Figure 9 shows that curcumin reduces the gastrointestinal side effects of in vitro espressa. Part A, Caspase-Glo The results of 3/7 test showed that in IEC-18 cells, escarcin induced a dose-dependent induction of caspase 3/7 activity, but curcumin reversed this arisa-induced caspase. active. Column, average (n=3); strip, SD. The data system represents two separate experiments. In part B, Western blotting showed that Arisa dose-dependently (0-20 μM) increased the activity of p38, but the dose concentration did not affect CL1-5 cells. The data series represents two independent experiments using β-actin as an internal control. Part C, left, Western blotting shows that in IEC-18, curcumin and BIRB 796 reduced the concentration of p38 active protein induced by Aretha. The data series represent two independent experiments using β-actin as internal control; right, MTT assay showed that curcumin and BIRB 796 prevented IEC-18 cell proliferation from being erosive-induced toxic damage. Column, average (n=6); strip, SD. The data system represents two separate experiments.
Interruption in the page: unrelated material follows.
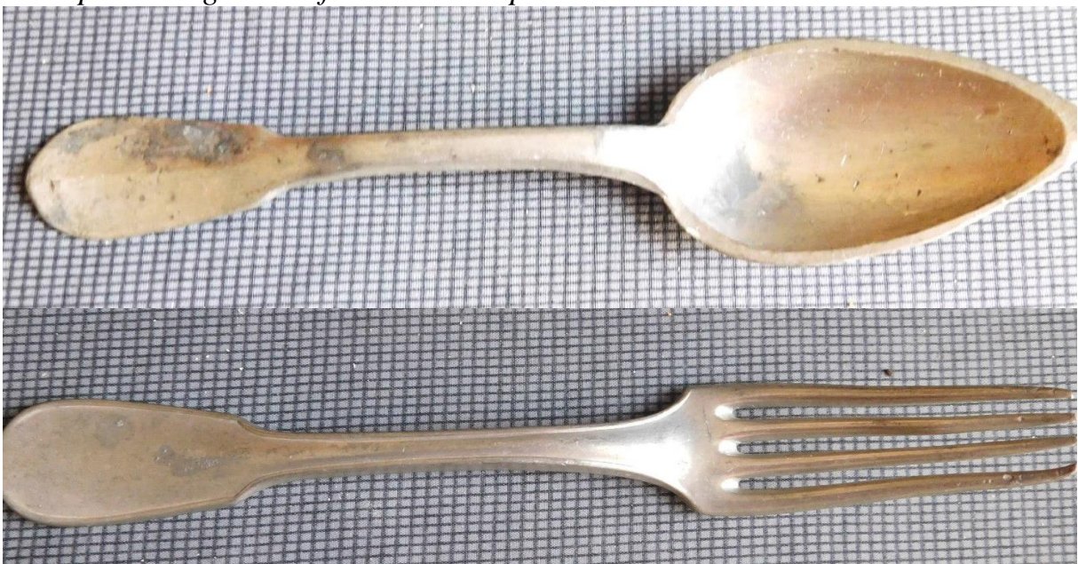
Ci-dessus couvert en étain d'époque. L'étain est facile à reconnaître il est mou.

Figure 10 shows that curcumin and its analogs LL-17, LL-18, LL-68, and JC-15 (columns 3-7) can alleviate the inhibitory effects of ERS-18 induced intestinal cell proliferation. Column, average (n=6); strip, SD. *, p < 0.05 and ** p < 0.01 compared to the Aressa treatment group (column 2). The data system represents two separate experiments.
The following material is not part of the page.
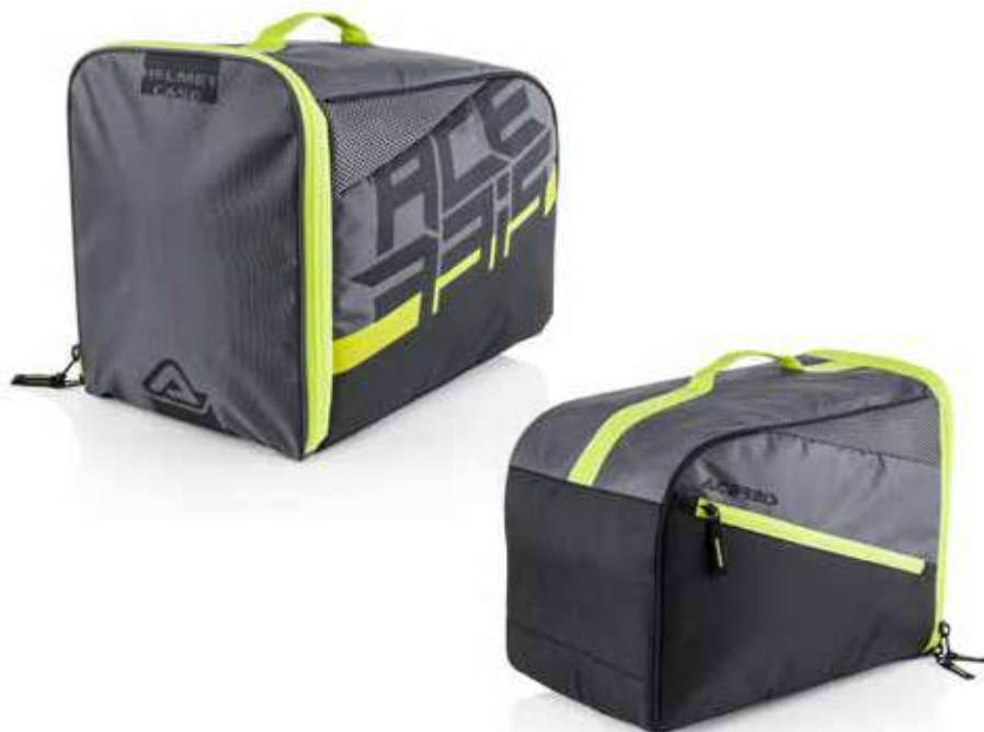
0023262.318 BLACK/FLUO YELLOW

Figure 11 shows the amino acid sequence of the EFGR protein, Accession No. NM_005228 (SEQ ID NO: 1) of GenBank.

<110> National Taiwan University

<120> Use of curcumin or an analogue thereof for cancer medical treatment using an epithelial cell growth factor receptor tyrosine kinase inhibitor

<130> IN0071/NTU0013US

<150> US61/303,593

<151> 2010-02-11

<160> 1

<170> PatentIn version 3.5

<210> 1

<211> 1210

<212> PRT

<213> Human

<400> 1

Claims (7)

A use of curcumin or an analogue thereof for the manufacture of a medicament for reducing side effects caused by treatment with an epithelial growth factor receptor tyrosine kinase inhibitor (EGFR-TKI), wherein the analogue is selected from A group consisting of: The use of the first aspect of the patent application, wherein the side effects are gastrointestinal-induced side effects of EGFR-TKI. The use of the second aspect of the patent application, wherein the side effects are EGFR-TKI-induced intestinal cell damage or growth inhibition. The use of the first aspect of the patent application, wherein the EGFR-TKI is Arisa (N-(3-chloro-4-fluorophenyl)-7-methoxy-6-(3-morpholin-4- Propoxy)quinazolin-4-amine). For example, the application of the scope of claim 1 wherein the patient suffers from non-small Cell lung cancer (NSCLC). The use of the first aspect of the patent application, wherein the drug is administered simultaneously with EGFR-TKI. The use of any one of claims 1-6, wherein the EGFR-TKI is administered to the patient in an amount not lower than the standard dose.